Using JPype to bridge python and Java

🌟

Java provides some interesting libraries that have no exact equivalent in python. In my case, the awesome boilerpipe library allows me to remove uninteresting parts of HTML pages, like menus, footers and other "boilerplate" contents.

Boilerpipe is written in Java. Two solutions then: using java from python or reimplement boilerpipe in python. I will let you guess which one I chosen, meh.

JPype allows to bridge python project with java libraries. It takes another point of view than Jython: rather than reimplementing python in Java, both languages are interfacing at the VM level.

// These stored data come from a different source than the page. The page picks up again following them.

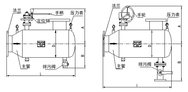 | 型號 | 公稱通徑 | 最大流量 | L(mm) | A | B | D | 排污口 | 重量Kg | |||||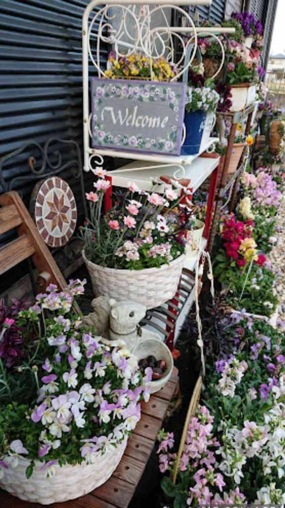 ガーデンチェアーを入れ込んで白籠に寄せ植え🎶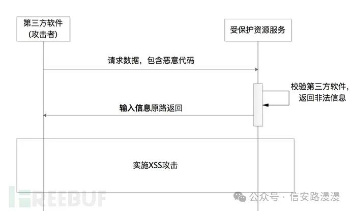 這個后果可想而知。那如何避免這種攻擊呢?方法也很簡單,實際上 OAuth 2.0 中也有這樣的建議,就是使用 state 參數(shù),它是一個隨機值的參數(shù)。當應用請求授權碼的時候附帶一個自己生成 state 參數(shù)值,同時授權服務也要按照規(guī)則將這個隨機的 state 值跟授權碼 code 一起返回。這樣,當應用接收到授權碼的時候,就要在應用這一側做一個 state 參數(shù)值的比對校驗,如果相同就繼續(xù)流程,否則直接拒絕后續(xù)流程。 在這樣的情況下,軟件 A 要想再發(fā)起 CSRF 攻擊,就必須另外構造一個 state 值,而這個 state 沒那么容易被偽造。 這本就是一個隨機的數(shù)值,而且在生成時就遵從了被“猜中”的概率要極小的建議。 2)XSS攻擊當請求抵達受保護資源服務時,系統(tǒng)需要做校驗,比如第三方軟件身份合法性校驗、訪問令牌 access_token 的校驗,如果這些信息都不能被校驗通過,受保護資源服務就會返回錯誤的信息。大多數(shù)情況下,受保護資源都是把輸入的內容,比如 app_id invalid、access_token invalid ,再回顯一遍,這時就會被 XSS 攻擊者捕獲到機會。 試想下,如果攻擊者傳入了一些惡意的、搜集用戶數(shù)據(jù)的 JavaScript 代碼,受保護資源服務直接原路返回到用戶的頁面上,那么當用戶觸發(fā)到這些代碼的時候就會遭受到攻擊。 因此,受保護資源服務就需要對這類 XSS 漏洞做修復,而具體的修復方法跟其它網站防御 XSS 類似,最簡單的方法就是對此類非法信息做轉義過濾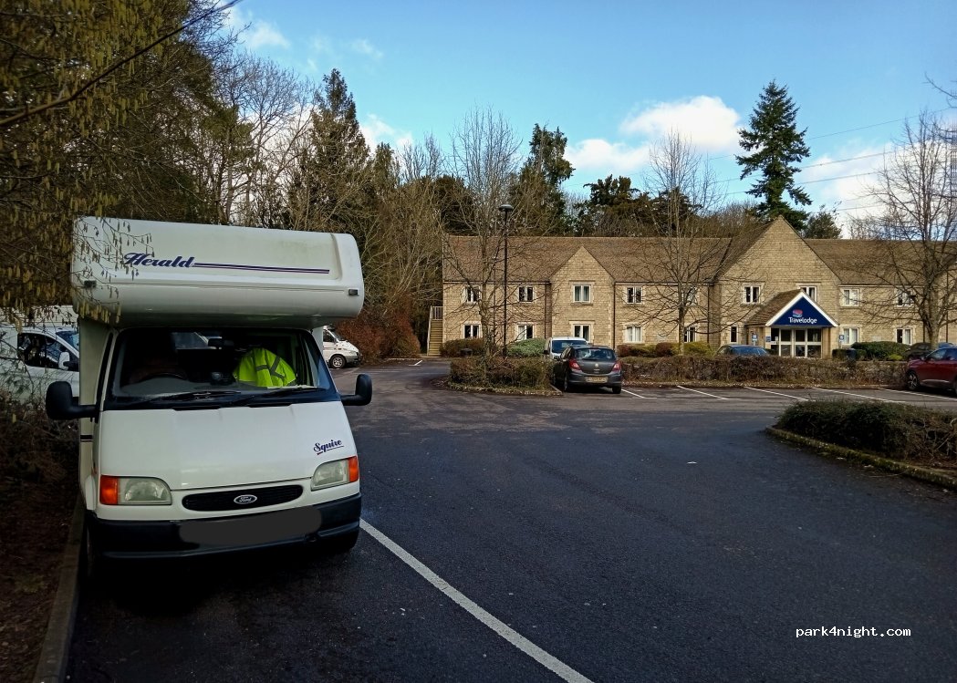 Very good for a free car park. 50 meters from the Travelodge and Gregg's breakfast /toilets . noise from the main road and it's a busy car park. Travelodge is only £34: if your a light sleeper .handy for Cirencester .too far to walk to Cirencester but you can park outside the barn theatre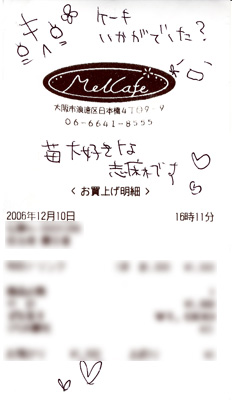 メイドさんがレシートにメッセージを書いてくれる!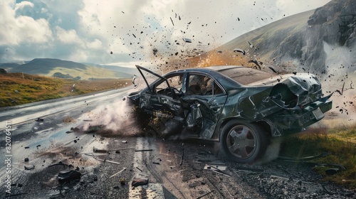 © Артур Комис, Obraz premium the car is broken down on the road. Selective focus

This means you need to start a VM from your python script, but it does the job and stay fully compatible with Cpython and its C extensions.

First steps with JPype

Once JPype installed (you'll have to hack a bit some files to integrate seamlessly with your system) you can access java classes by doing something like that:

import jpype
jpype.startJVM(jpype.getDefaultJVMPath())

# you can then access to the basic java functions
jpype.java.lang.System.out.println("hello world")

# and you have to shutdown the VM at the end
jpype.shutdownJVM()

Okay, now we have a hello world, but what we want seems somehow more complex. We want to interact with java classes, so we will have to load them.

Interfacing with Boilerpipe

To install boilerpipe, you just have to run an ant script:

$ cd boilerpipe
$ ant

Here is a simple example of how to use boilerpipe in Java, from their sources

package de.l3s.boilerpipe.demo;
import java.net.URL;
import de.l3s.boilerpipe.extractors.ArticleExtractor;

public class Oneliner {
    public static void main(final String[] args) throws Exception {
        final URL url = new URL("http://notmyidea.org");
        System.out.println(ArticleExtractor.INSTANCE.getText(url));
    }
}

To run it:

$ javac -cp dist/boilerpipe-1.1-dev.jar:lib/nekohtml-1.9.13.jar:lib/xerces-2.9.1.jar src/demo/de/l3s/boilerpipe/demo/Oneliner.java
$ java -cp src/demo:dist/boilerpipe-1.1-dev.jar:lib/nekohtml-1.9.13.jar:lib/xerces-2.9.1.jar de.l3s.boilerpipe.demo.Oneliner

Yes, this is kind of ugly, sorry for your eyes. Let's try something similar, but from python

import jpype

# start the JVM with the good classpaths
classpath = "dist/boilerpipe-1.1-dev.jar:lib/nekohtml-1.9.13.jar:lib/xerces-2.9.1.jar"
jpype.startJVM(jpype.getDefaultJVMPath(), "-Djava.class.path=%s" % classpath)

# get the Java classes we want to use
DefaultExtractor = jpype.JPackage("de").l3s.boilerpipe.extractors.DefaultExtractor

# call them !
print DefaultExtractor.INSTANCE.getText(jpype.java.net.URL("http://blog.notmyidea.org"))

And you get what you want.

I must say I didn't thought it could work so easily. This will allow me to extract text content from URLs and remove the boilerplate text easily for infuse (my master thesis project), without having to write java code, nice!